We conducted experiments to check the performance of the joint bit allocation algorithm with nonlinear depth distortion. Encoding is done using 3DV-ATM reference software [1] and VSRS 3.0 [11] reference software is used for virtual synthesis. The test sequences used are Kendo, Balloons [4], and Breakdancer [17] with a frame rate of 30 frames/s. Kendo and Breakdancer sequences have 100 frames whereas Balloons sequence has 300 frames.

Table 1 BD-rate comparison
Fig. 4
figure 4

SSIM-based bit allocation with nonlinear depth distortion compared with linear distortion a Kendo sequence, b Balloons sequence, and c Breakdancer sequence

Experiments were conducted to evaluate SSIM-based bit allocation where nonlinear depth distortion is implemented in RDO. SSIM is computed between synthesized views and original views. For comparison, we utilized model-based algorithm of Yuan et al. [14] and Harshalatha and Biswas’s algorithm [6]. RD curves in Fig. 3 give a comparison between our proposed algorithm and bit allocation with model parameters. Bjontegaard distortion-rate (BD-rate) calculations are done and tabulated in Table 1.

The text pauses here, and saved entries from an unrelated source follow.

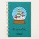 Illustration d'un globe de neige qui présente un paysage montagneux très mignon et enneigé avec un cardinal rouge portant un chapeau de santa rouge, un bonhomme de neige portant un ruban rouge et un chapeau de santa, et des pins. Ce joli dessin animé de snowdome est une idée cadeau pour les amateurs de vacances d'hiver et de Noël, les amateurs d'oiseaux et de neige, et les amateurs de waterglobe et de boules de cristal. Personnalisez ou customisez ce planificateur en ajoutant votre nom ou votre texte.
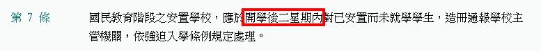國民教育階段之安置學校,應於開學後對已安置而未就學學生,造冊通報學校主管機關,依強迫入學條例規定處理。
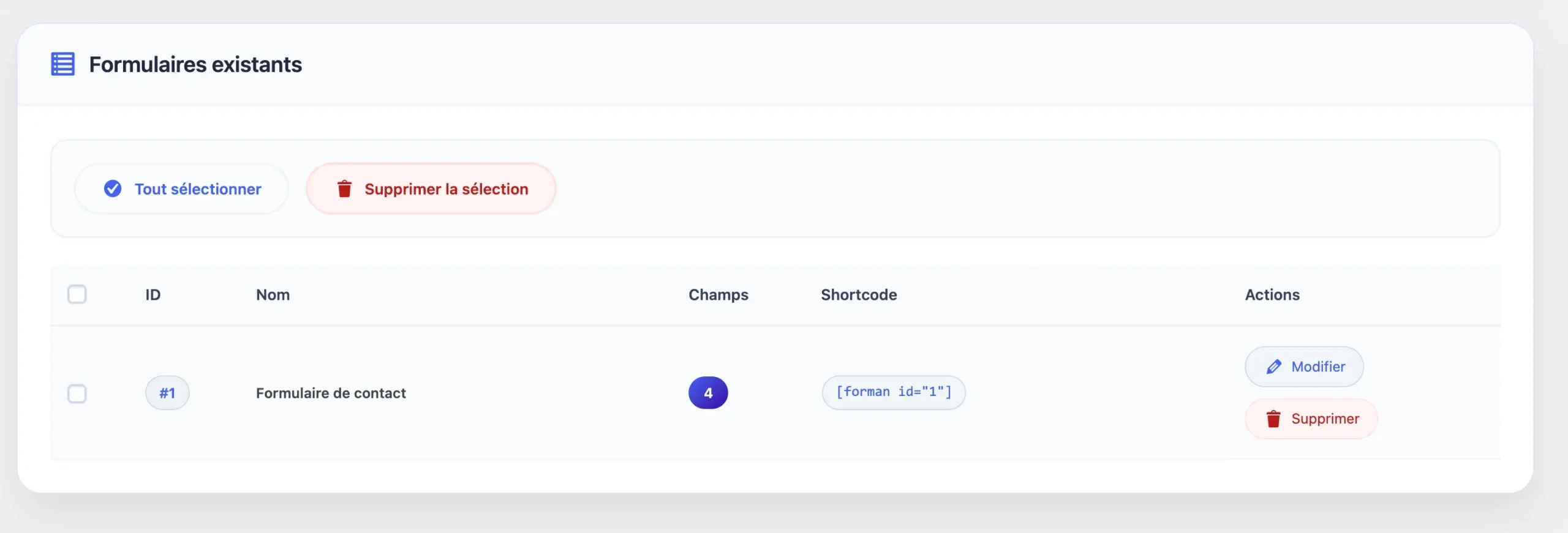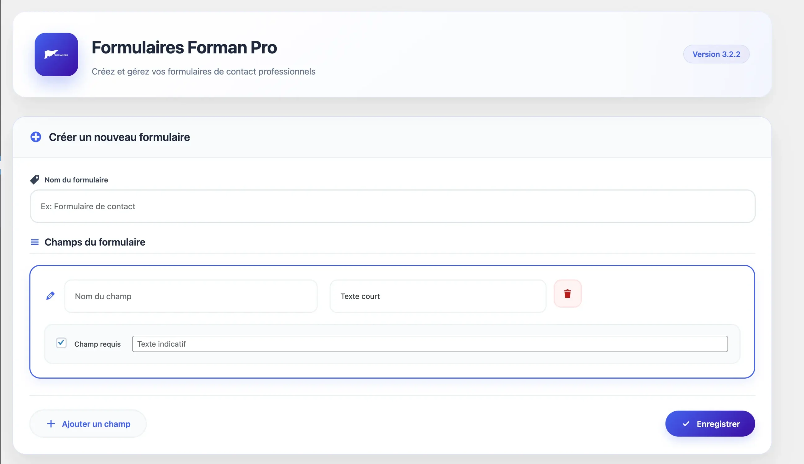 Forman Pro est développé pour s’intégrer correctement dans l’environnement WordPress en utilisant une structure simple et compréhensible.
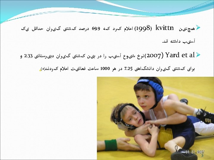 5. Charles B. Pasque and Timothy E. Hewett. Am. J. Sports Med. 2000; 28; 509. A Prospective Study of High School Wrestling Injuries 6. Julie Agel, MA, ATC*; Jack Ransone, Ph. D, ATC, FACSMt; Randall Dick, MS, FACSM*; Robert Oppliger, Ph. D, FACSM§; Stephen W. Marshall, Ph. D|| Descriptive Epidemiology of Collegiate Men‘s Wrestling Injuries: ational Collegiate Athletic Association Injury Surveillance System, 1988 -1989 Through 2003 -2004. 7. Glenn J. Jarrett, * MD, John F. Orwin, *† MD, and Randall W. Dick, ‡ MS. Injuries in Collegiate Wrestling. THE AMERICAN JOURNAL OF SPORTS MEDICINE, Vol. 26, No. 5 © 1998 American Orthopaedic Society for Sports Medicine 8. E. E. Yard 1, R. D. Comstock. A comparison of pediatric freestyle and Greco-Roman wrestling injuries sustained during a 2006 US national tournament. Scand J Med Sci Sports( 2008) 30
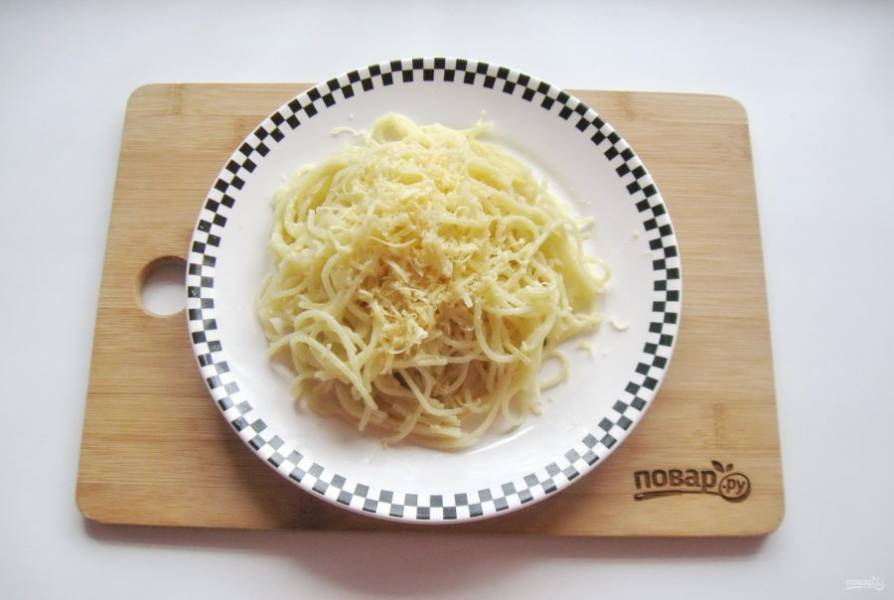 Выложите спагетти на тарелку. Посыпьте тертым сыром.
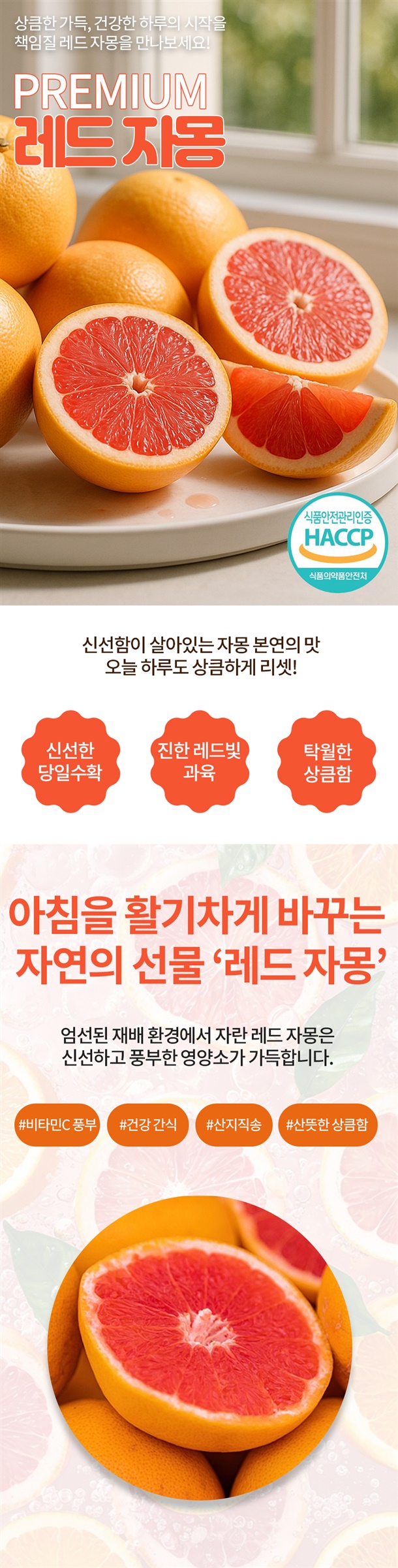 신선한 자몽 한 입이 하루를 리프레시!햇살을 머금은 레드 자몽, 건강한 달콤함으로 채우세요
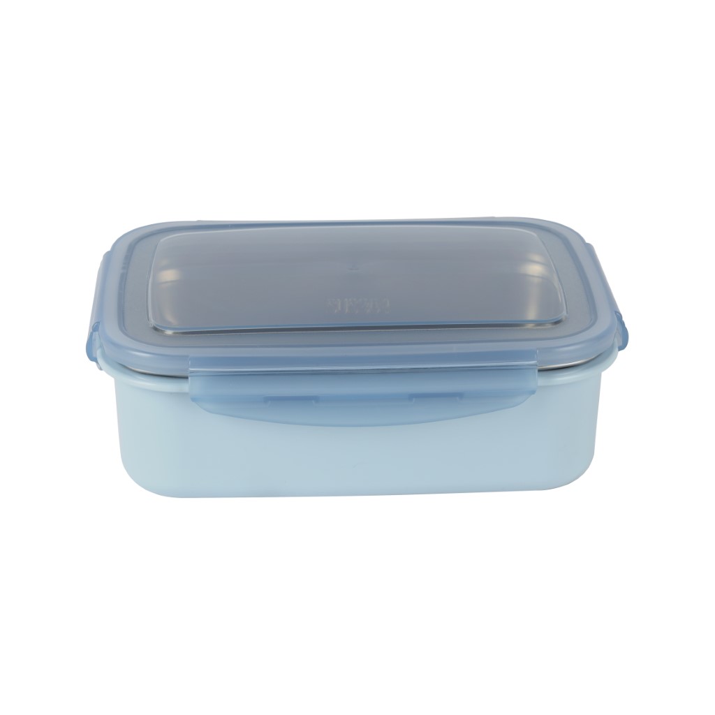 Royalford 850 ml Lunch Box- RF12187/ with Stainless Steel Inner, Spoon and Plastic Body, Rectangle Tiffin with Lid, 4 Side Locks/ Food-Grade, BPA-Free, Airtight and Leakproof Containers for Kids and Adults, to Keep Foods Fresh/ Compact and Portable Design/ Silver and Blue
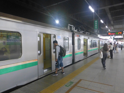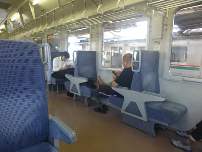 小牛田行き。ロングシート。小牛田着は定刻では8時58分だが、遅れが出て9時3分ごろとのこと。乗換える鳴子温泉行きが9時7分発なので、少々心配になる。 |
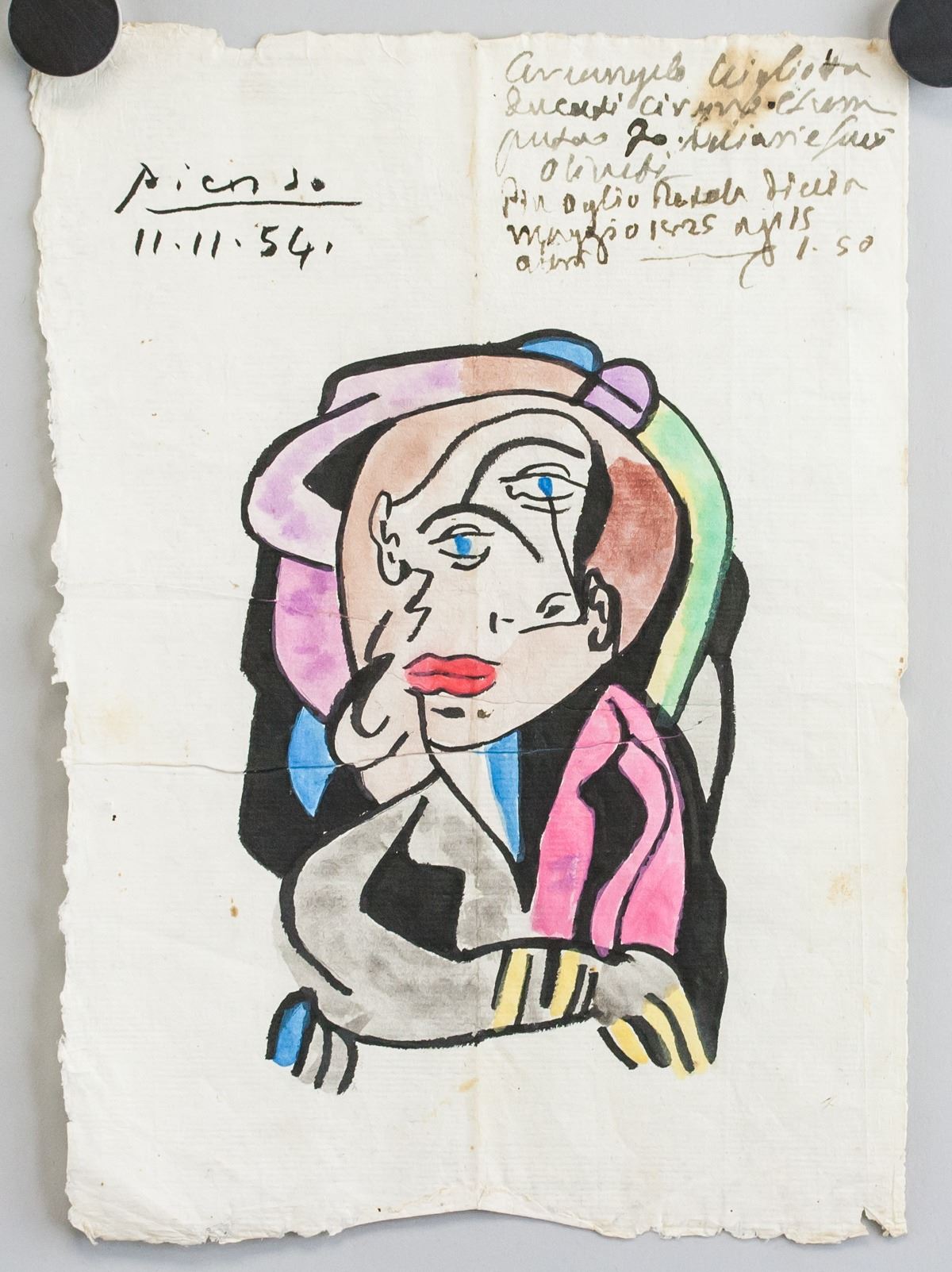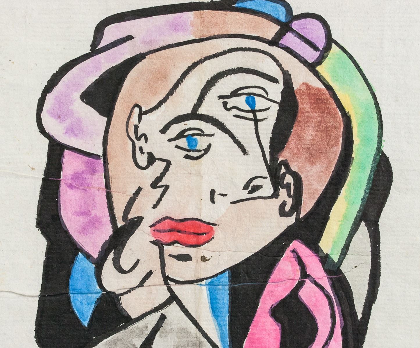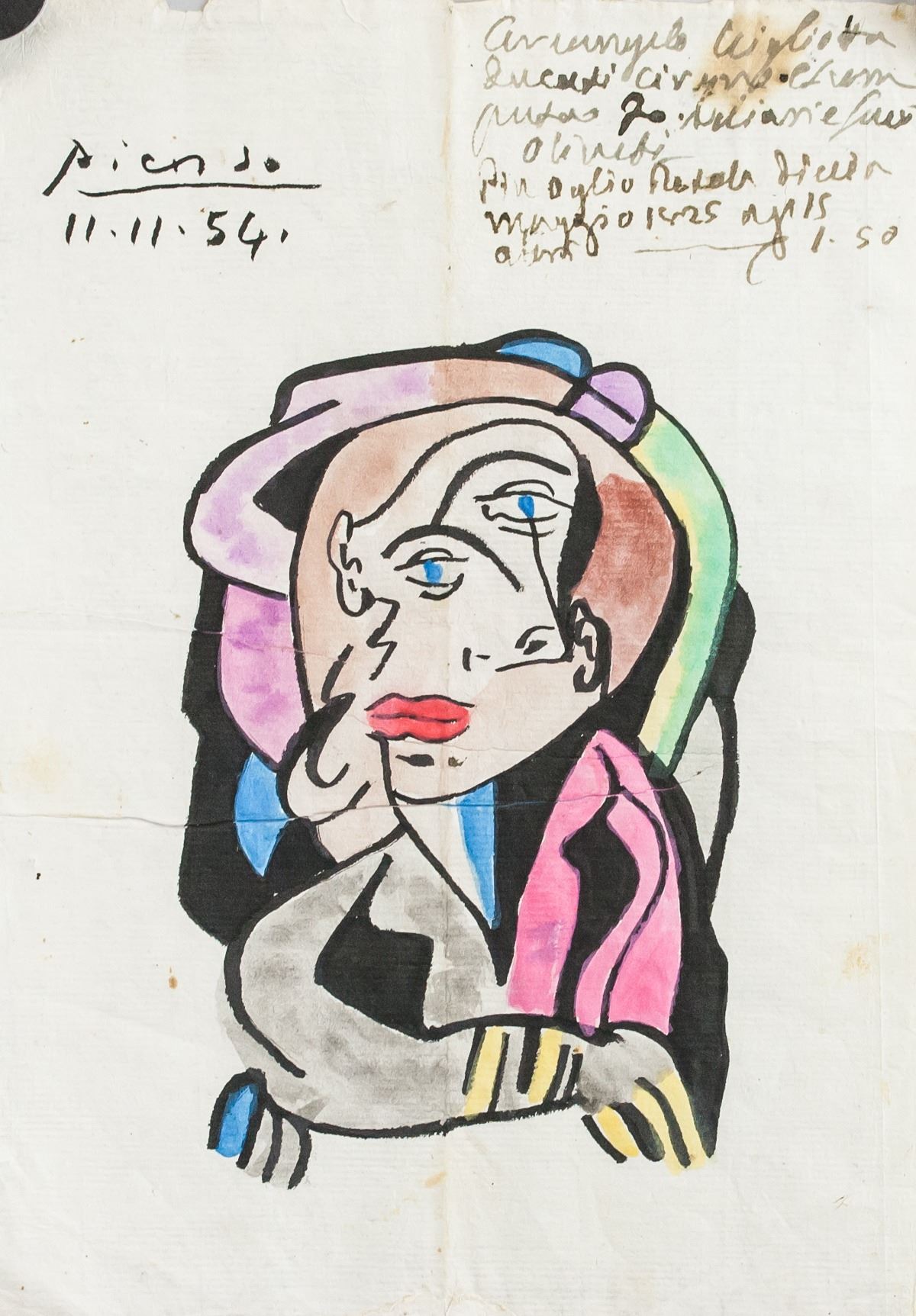 Watercolor and ink on paper. Featuring a cubist portrait. Signed Picasso and inscribed 11.11.54 on the upper left corner. Inscribed on verso. 27.5 x 19 cm (10.75 x 7.5 inches). Provenance: This lot carries limited provenance from an Upper New York estate

Further, bit allocation algorithm with linear and nonlinear effect of depth distortion RDO is compared as in Fig. 4 and also using BD-rate (Table 1). Nonlinear effect of depth distortion considered in RDO gives more accurate bit allocation results.

7 Conclusions

Rate distortion optimization improves the efficiency of an encoder and we proposed depth map RDO for 3D video by considering nonlinear relation of depth map distortion with view synthesis distortion. To improve the visual quality of synthesized views, dSSIM is used as distortion metric. Bit allocation algorithm is verified by using nonlinear depth distortion RDO and gives better performance over linear depth distortion RDO.